The same is true of robberies, assaults, and the rest according to Kleck.

But that is an interesting standard isn’t it? Let’s apply it to immunizations. Can you prove that your child is going to be exposed to those diseases? Can you prove that my child is going to be exposed to the diseases? No, of course you can’t. But we know that those diseases exist, and it is possible, so we immunize to prevent the disease. Every year people go out and get the Flu Vaccine. The Flu shows up anyway. The next year, everyone is out getting it again. It might not protect you, and it might only make the flu less severe in your case, or the vaccine might be a bad match. But we still line up and get our shots don’t we?

How many cases of Flu does the vaccine prevent? But it prevents some, so we get them.

So how many rapes, robberies, assaults, and thefts do guns prevent. I don’t know. We know they prevent some. The criminals told us that much through Kleck. Kleck used an extrapolation to come up with a number. Perhaps he’s right. Perhaps he’s wrong, and it only prevents a million a year. But are we comfortable deciding that only the guns that are used to kill someone in self defense are to be counted? How about the homeowner who is seen through the windows walking through her house with a shotgun after hearing a noise and it frightens the criminals away?

I don’t deny that people can and do abuse the weapon. I don’t deny that people abuse pain medications. I don’t want to ban pain meds, and don’t support it. Because there are lots of people who really NEED that medication for severe pain. Is addiction a problem? Yes. Is overdosing a problem? Yes. Is pain a problem? You bet your ass it is.

I am willing to accept extrapolated numbers. We accept them in the number of women who were raped, even though that number is higher than actually reported rapes. I am willing to accept that some women do not come forward to file a report, for any number of reasons. I am willing to accept a lot of extrapolated numbers, including police misconduct. A survey showed that cops were lying in roughly one case out of five every day. The survey was conducted of lawyers and judges. People who deal with the courts every day in other words. Perhaps it is that often, perhaps not. We know it is happening, and we know that every single lie told by cops is not caught. But those who argue that police misconduct is not a real issue only want to admit the convictions as proof of wrongdoing. Convictions, not charges, not complaints.

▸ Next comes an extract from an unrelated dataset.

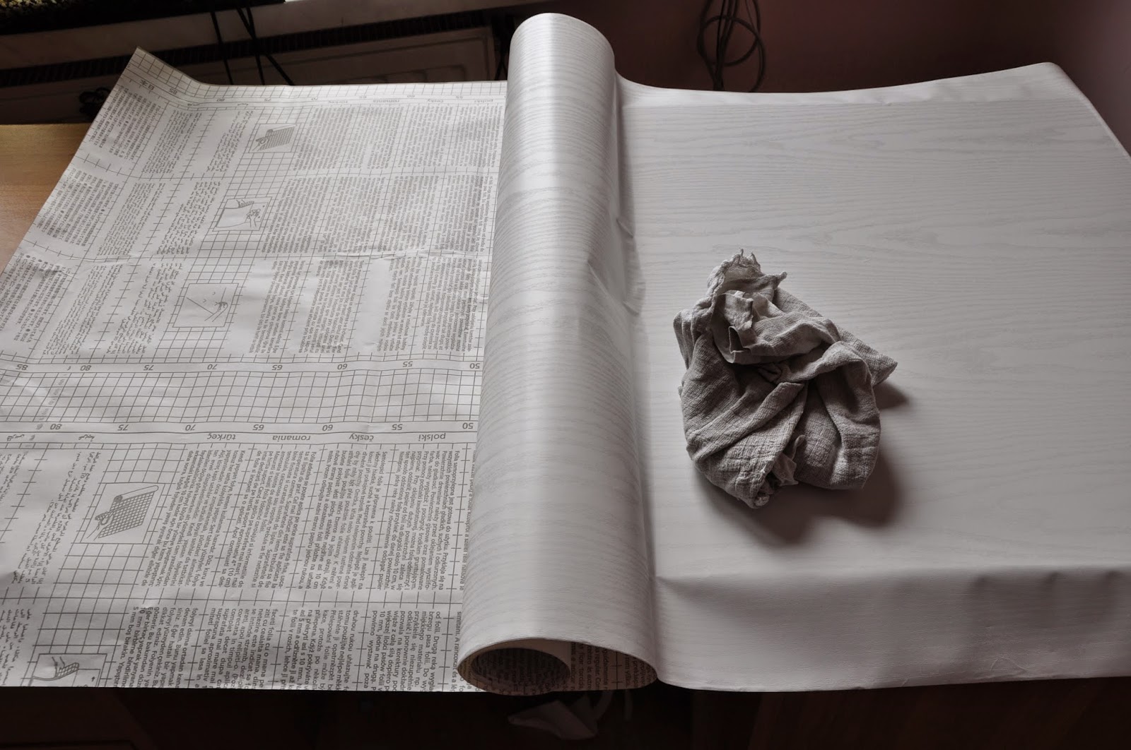 Po delikatnym przeszlifowaniu i przetarciu benzyną ekstrakcyjną na blat przykleiłam okleinę drewnopodobną w kolorze białym. Cenne wskazówki znalazłam na blogu Stara Winiarnia

That is like saying that the only murders that happened are ones where the baddie is convicted. Or like arguing that only the rapes that result in a conviction should be counted. We would never stand for that would we?

So how many times are guns used defensively? I don’t know. I don’t know how many times a day a criminal decides not to rob a man, or woman, because they might be armed. I don’t know how many times a woman isn’t raped because she might have a gun. I don’t know how many times a carjacking doesn’t happen because the owner of the car looks like he might be armed. I don’t know how many times someone pulls their pistol and then doesn’t report it because the baddie flees and they didn’t get a good look and don’t want to deal with the cops so they don’t report it. I don’t even know how many rapes happen every year, no one does, because all of them are not reported. I do believe that the total number is larger than the actual reports. I just don’t know how much larger.
None of which addresses my point. If guns are used defensively 2.4 million times a year where are the bad guys with bullet holes?

None of which addresses MY point: when did WE become responsible for YOUR assumptions, and who died and left YOU in charge of setting discussion parameters?
Logical thought really pisses you emotional types off doesn't it.

Well, if any logical thought ever turns up, I'll let you know.
 
Center for DISEASE Control

Investigating guns......
Not investigating transgender.....

One is a guaranteed right the other is a debilitating mental disorder.

Hmmmm
Interesting thought. Being who you want to be is definitely a right, but I never thought of gun ownership as a mental disorder before.

"Being who you want to be" is NOT a right. I want to be Wonder Woman, but for some reason, I just can't find that magic lasso.
Then you need to look harder.

No, you need to think harder, because you're seriously falling short.